Total numbers of SNPs only include those located within 100 kb of target gene trancripts. Multiple probes may target the same gene. In each of the four study cohorts (“CARE CD4”, “CEU LCL”, “CAMP WB”, and “CAMP CD4”) and in their combined meta-analysis (“META”), eQTL association significance was defined as an FDR < 5% (see Materials and Methods). The corresponding minimum and maximum uncorrected P values are also reported.
The individual cohorts together implicated 7,222 unique eQTL genes and an additional 788 were identified only through the subsequent meta-analysis (Figs 1 and 2).

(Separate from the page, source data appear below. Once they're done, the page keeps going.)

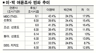 반면 동아일보와 코리아리서치센터가 같은날 실시한 여론조사의 경우, 두 후보간 지지율 차이는 2주전에 비해 약간 벌어졌다. 이 후보 33.8%, 박 후보 24.9%의 지지율로 13.9%P 차이가 났다. 지난달 14일 조사에서는 이 후보 38.5%, 박 후보 25.%로 13%P 차이였다.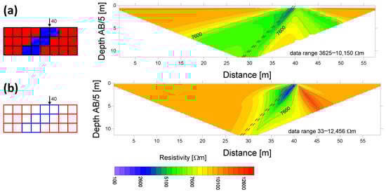 The different models with the resulting apparent resistivity cross-sections are displayed in Figure 8, Figure 9, Figure 10 and Figure 11. A pair of apparent resistivity cross-sections is presented for each model, first calculated by Res2Dmod and second by a resistor network model. The ultra-thin fracture model (the fourth resistor network model) is being compared with the third model calculated by Res2Dmod—Figure 11. All cross-sections were displayed with the same length/depth scale, identical settings of the isolines grid’s generation, and the same resistivity colour scale.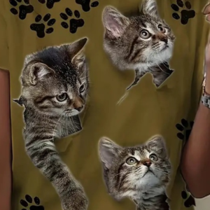 Kadın Kısa Kollu Kedi Ve Pati Baskılı Süprem T-shirt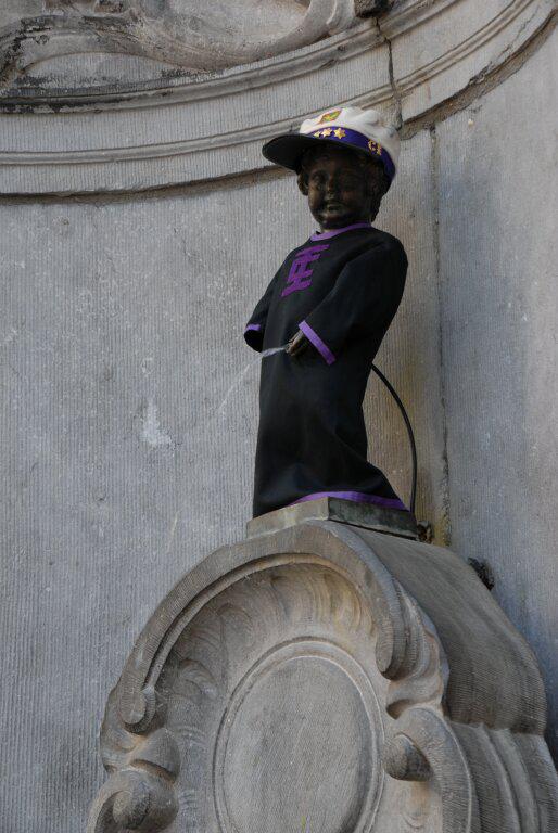Gegenüber setzen wir uns auf einen guten Kaffee hin und beobachten die Menschenmassen vor dem Manneken... Dieser kleine Kerl hat ca. 800 verschiedene Kostüme, die in einem Museum am Grote Markt ausgestellt sind.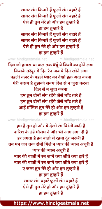 Sagar Sang Kinare Hai Phulo Sang Bahaare Hai - सागर संग किनारे हैं फूलों संग बहारे हैं
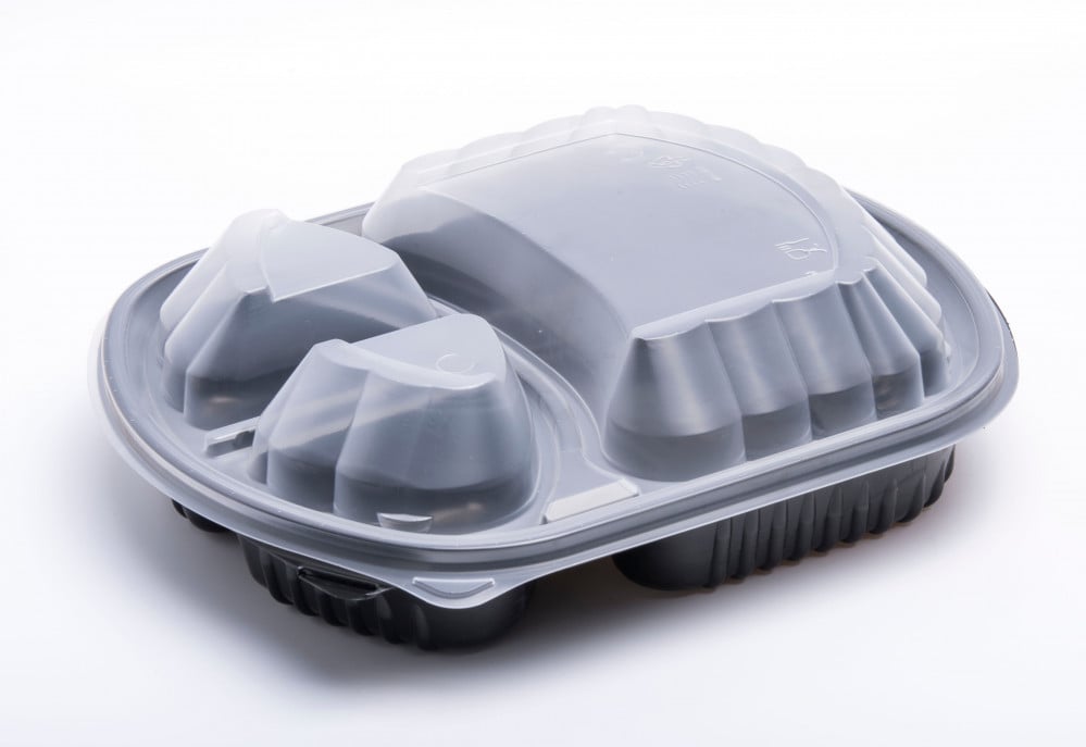 علب تسخين مايكرويف ذات قسمان و قاعدة سوداء و غطاء شفاف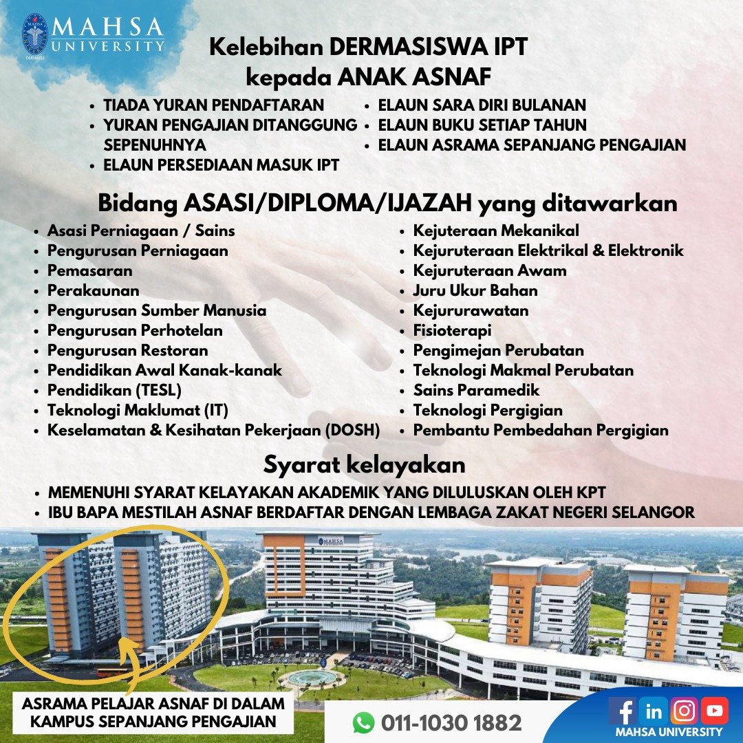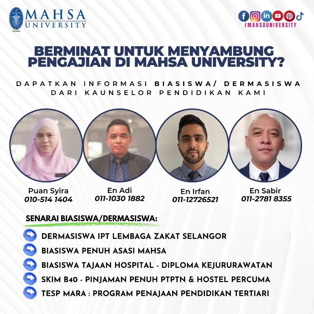 DI MAHSA UNIVERSITY, KAMI ADA PELBAGAI PROGRAM DARI SIJIL SEHINGGALAH PHD
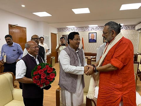 SHILLONG: Meghalaya Chief Minister Conrad K Sangma along with Deputy Chief Minister-in-charge of Animal Husbandry and Veterinary Prestone Tynsong called on Union Minister for Fisheries, Animal Husbandry, and Dairy Giriraj Singh at his office in New Delhi on Tuesday.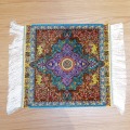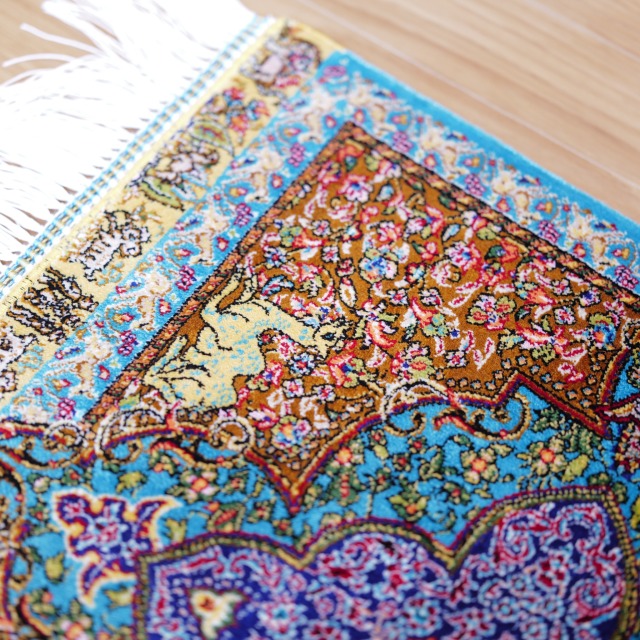 イラン製 ペルシャ絨毯風 トランジ柄 メダリオン ミニラグ 40×40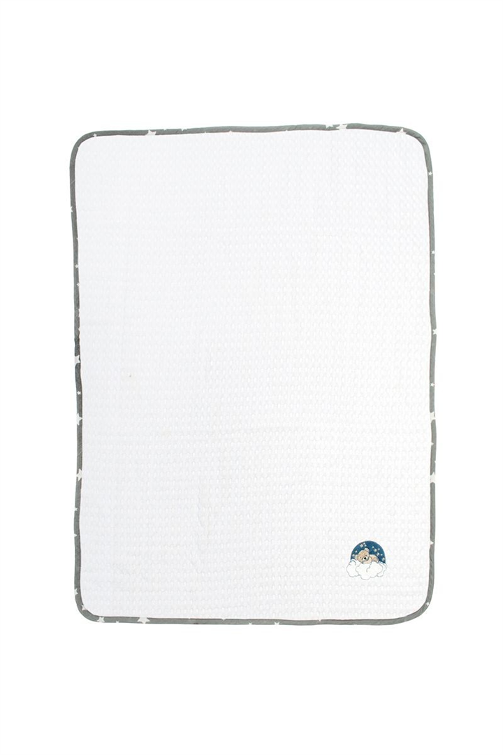 Βρεφική κουβέρτα πικέ κούνιας με ανάγλυφο σχέδιο βάφλα, χρώματος λευκού, διαστάσεων 100 x 160 cm, διακοσμημένη με χαριτωμένο κέντημα κοιμώμενο αρκουδάκι και χρωματιστό ρέλι με μοτίβο αστεράκια. Κατασκευασμένη από 100% βαμβακερό, υποαλλεργικό woven πικέ ύφασμα βάρους 325 gr/m². Χάρη στην εξαιρετικά απαλή υφή της, αγκαλιάζει το μωρό σας με άνεση, ενώ η ιδιαίτερη ύφανση βάφλα επιτρέπει στο δέρμα να αναπνέει, καθιστώντας την ιδανική επιλογή για την άνοιξη και το καλοκαίρι. Συσκευασία δώρου: κουτί πολυτελείας. Η κουβέρτα είναι ελεγμένη για επιβλαβείς ουσίες με το παγκοσμίως αναγνωρισμένο πιστοποιητικό OEKO-TEX® Standard 100.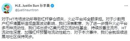 “对于HT市场波动所导致杠杆穿仓损失,火必平台将全额承担。对于少数用户杠杆清算所造成盘面波动影响,我们深表歉意。”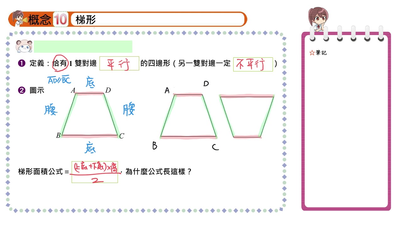 載入中... 相關課程 Back 【觀念】認識梯形 相關課程 0 / 750 登入觀看 ⇐ Use this menu to view and help create subtitles for this video in many different languages. You'll probably want to hide YouTube's captions if using these subtitles. 【觀念】認識梯形 上傳學習單 下載學習單

Among these total 8,010 eQTL genes identified, the strongest evidence existed for the 257 genes that were detected in each of the four cohorts and also by the by meta-analysis (Fig 1). Of the remainder, 3,156 genes were detected in two or three cohorts and in the meta-analysis; 2,334 were unique to one cohort and also detected in the meta-analysis (Fig 2). A total of 1,475 genes were only detected in individual cohorts but were not significant in the meta-analysis. Of these, 1,251 (85%) were observed in only one of the four cohorts, suggesting they may represent either false positive results or tissue-specific eQTL signals drowned out by the meta-analysis.
Numbers represent counts of genes with at least one significant eQTL SNP (FDR < 5%) in each of the four study cohorts (“CAMP WB”, “CAMP CD4”, “CEU LCL”, and “CARE CD4” in white ellipses) and in their combined meta-analysis (“META” in gray ellipse). Total counts for each group are also summarized in Table 1.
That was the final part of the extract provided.